We are arguing about different things, Steve. I am arguing about the assertions made early in the thread that taste cannot be affected by anything other than the actual food and drink, and that therefore presentation cannot affect it. The premise there has nothing to do with dining, and there is no reason to confine it to those terms. And if the premise is false, which you agree it is, the conclusion does not follow. You (not you personally - whoever) need a different argument to support that conclusion.

Now, if you agree with me, perhaps we can move on. :cool:

Posted

Has waiter presentation come into this one yet? A waiter serves the same dish to two people. When placing the dish before diner number one, he smiles warmly and proudly, and explains, "This is an extra course from the chef - his signature poached snipe in an ortolan/truffle coulis. With our compliments".

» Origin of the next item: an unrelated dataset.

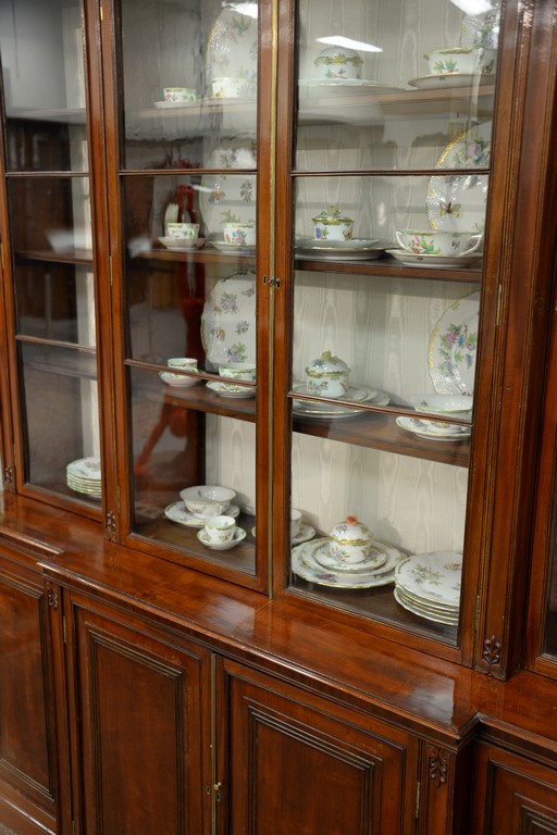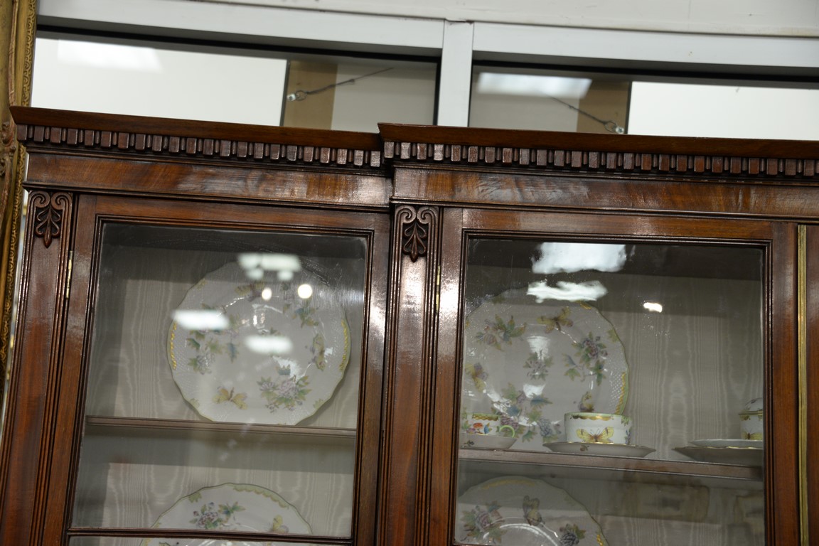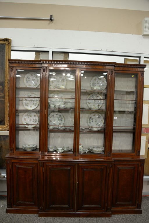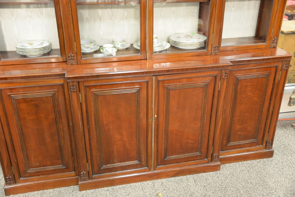 Lot 588: George III mahogany bookcase/cabinet in two parts with four glass doors on lower section with four doors, 19th century. ht. 80in., …

When placing the dish before diner number two, the waiter just puts the dish in front of the diner without explaining it, and walks off.

Would not the two diners perceive the dishes differently?

Posted
Taste is not about the ability to notice things.  It has nothing to do with understanding food or wine or being able to discuss it.  That's at a different level.  All along I've been discussing what happens when food or drink meets the olfactory system and taste buds.  It seems absolutely obvious that not every person, on every occasion of tasting the same food, has exactly the same taste experience.  If that's the case, it's simply false to say that elements extraneous to the actual food cannot effect how it tastes.

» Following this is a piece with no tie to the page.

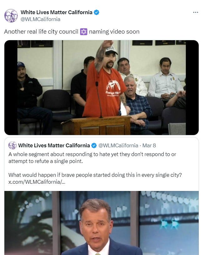 CBS News Bay Area reported that “Antisemitic speech has prompted the city of Walnut Creek to join other Bay Area cities in shutting down online and phone-in public comments during public meetings. CBS News quotes Walnut Creek City Councilman, Kevin Wilk, stating that “it's a strategy of far-right, white nationalist groups like White Lives Matter California, who use locally broadcast public forums to broadcast their messages. Wilk has often been mentioned by name by callers, who Wilk said typically use pseudonyms like "Eddie from Walnut Creek" and don't show their faces over Zoom. A few years ago NBC Bay Area reported that banners in Walnut Creek displayed slogans such as "It's OK to be pro-white" and "White Lives Matter."
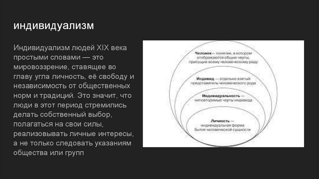 индивидуализмИндивидуализм людей XIX века

I have no idea why anyone would deny what I've just said.  It seems elementary.  But we can keep going until Britcook swallows his spatula, if necessary.

I'm not going to deny that because I totally agree. Besides which my diet strictly forbids the ingestion of spatulas.

Posted
We are arguing about different things, Steve. I am arguing about the assertions made early in the thread that taste cannot be affected by anything other than the actual food and drink, and that therefore presentation cannot affect it. The premise there has nothing to do with dining, and there is no reason to confine it to those terms. And if the premise is false, which you agree it is, the conclusion does not follow. You (not you personally - whoever) need a different argument to support that conclusion.

No Wilfrid you are wrong. This is a food board and all statements are made within the context of the dining experience. To misappropriate those statements into the context of a science experiment, or to test the exactness of the language in the context of linguistics, is where we always go wrong (well not me, but the scientists and the pedants :cool:.)

Posted

No Wilfrid you are wrong. This is a food board and all statements are made within the context of the dining experience. To misappropriate those statements into the context of a science experiment, or to test the exactness of the language in the context of linguistics, is where we always go wrong (well not me, but the scientists and the pedants  :cool:.)

Actually, were the scientists go wrong is trying to base a judgement on facts, drawn from conclusions made from observation, when opinion and hand waving carries so much more weight. :cool:

Posted (edited)

Yes, and their conclusions are oh so valuable, especially when they are based on examples of things that have about a million in one chance of happening in the context of the dining experience. But you know what, tonight when I am at Daniel, prior to my tasting the Petrus I am going to ask them for a glass of chocolate milk.